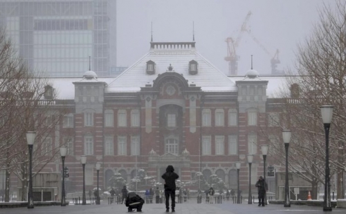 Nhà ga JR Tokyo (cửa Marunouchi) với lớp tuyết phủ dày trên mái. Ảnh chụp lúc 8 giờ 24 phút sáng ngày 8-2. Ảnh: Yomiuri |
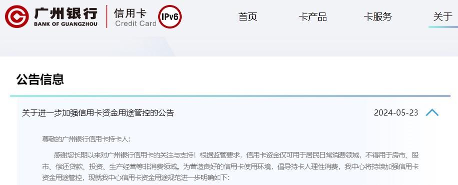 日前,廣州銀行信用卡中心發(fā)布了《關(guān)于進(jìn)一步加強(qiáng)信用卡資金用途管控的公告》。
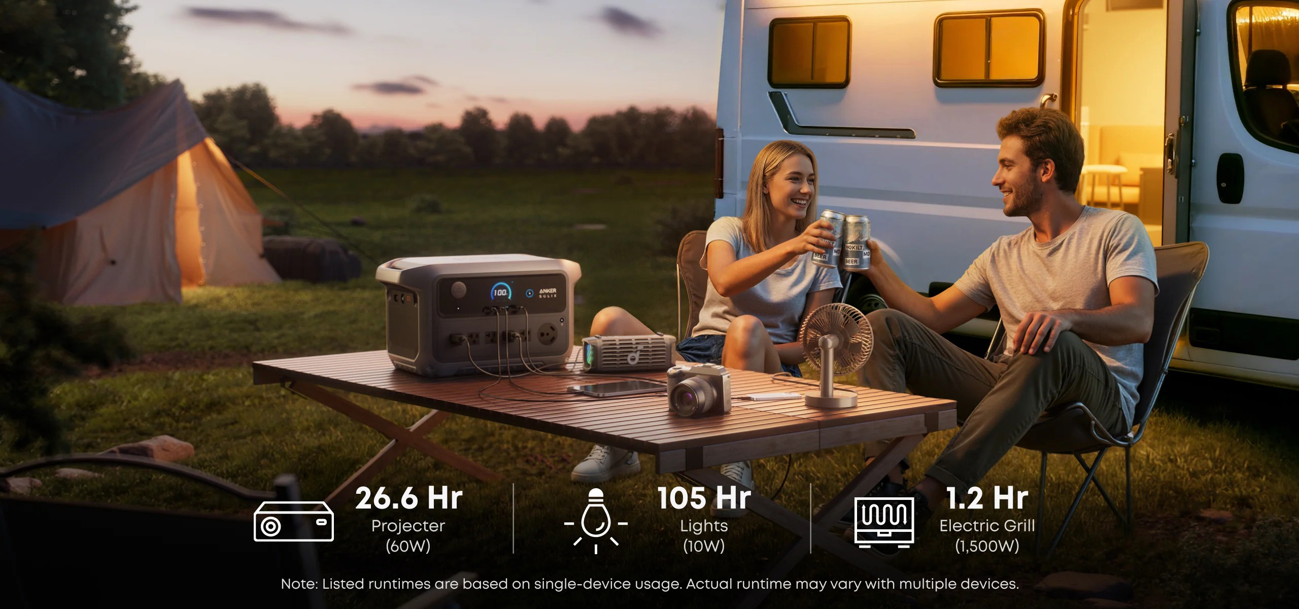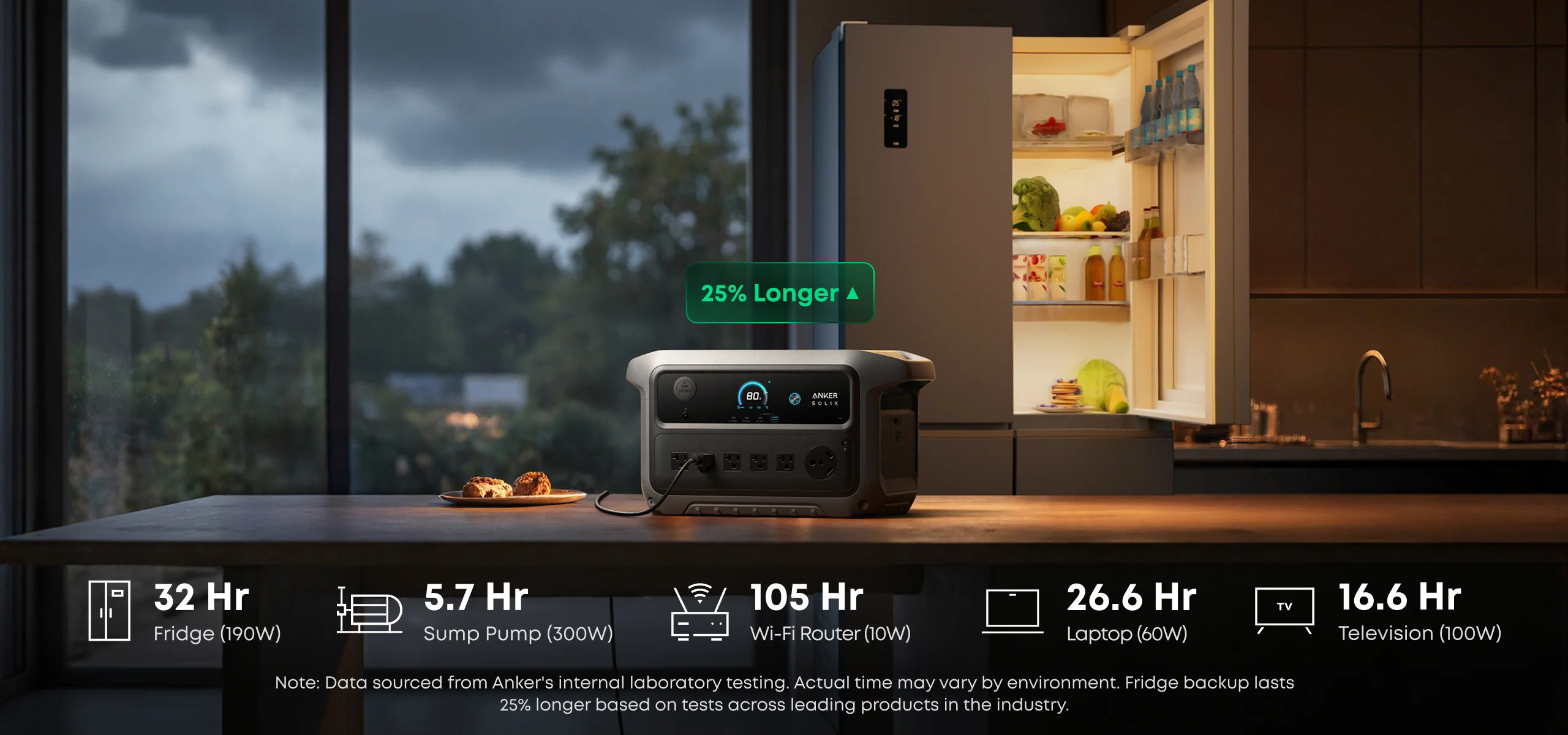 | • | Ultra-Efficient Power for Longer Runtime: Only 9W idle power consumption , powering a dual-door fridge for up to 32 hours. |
---
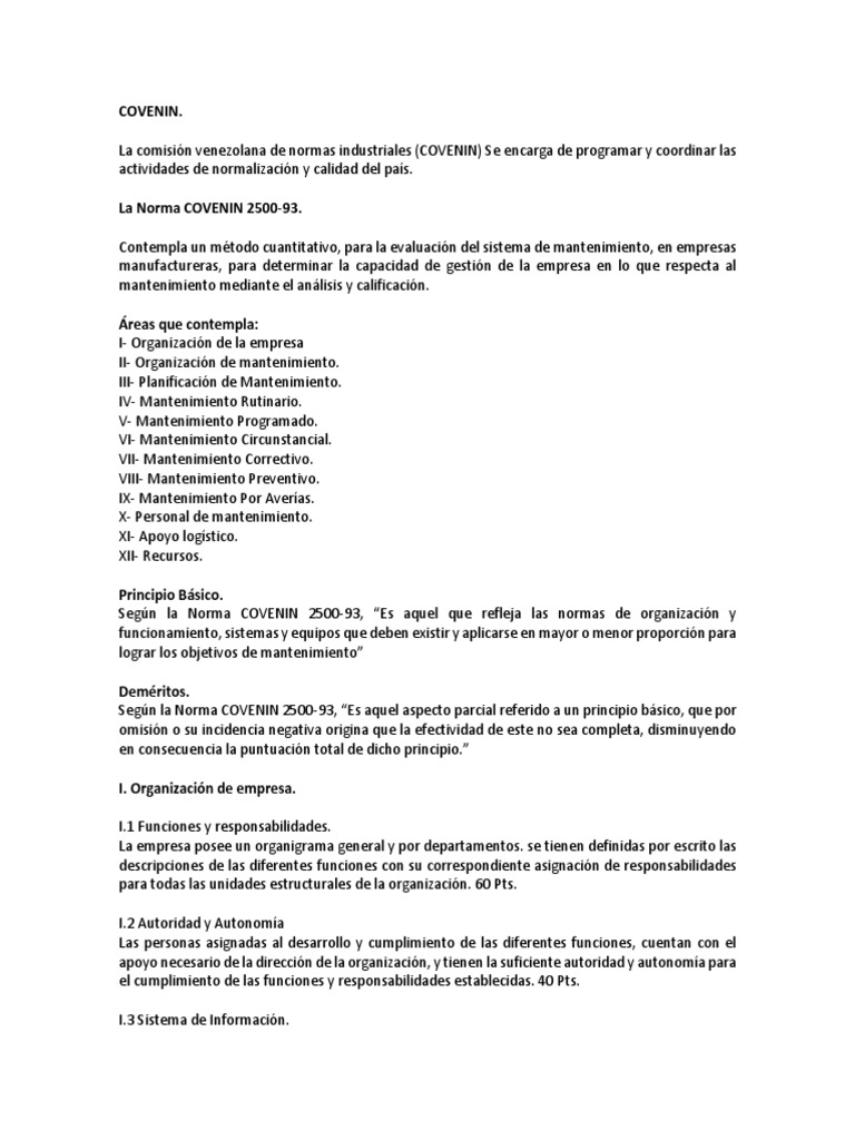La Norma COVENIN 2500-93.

*WORK TASK*: Look back at the data above, then output exactly the lines from the line holding "Nhà ga JR Tokyo" up to and including the line holding "32 hours. |". Leave out the pictures.

*ANSWER SECTION*:
 Nhà ga JR Tokyo (cửa Marunouchi) với lớp tuyết phủ dày trên mái. Ảnh chụp lúc 8 giờ 24 phút sáng ngày 8-2. Ảnh: Yomiuri |
 日前,廣州銀行信用卡中心發(fā)布了《關(guān)于進(jìn)一步加強(qiáng)信用卡資金用途管控的公告》。
 | • | Ultra-Efficient Power for Longer Runtime: Only 9W idle power consumption , powering a dual-door fridge for up to 32 hours. |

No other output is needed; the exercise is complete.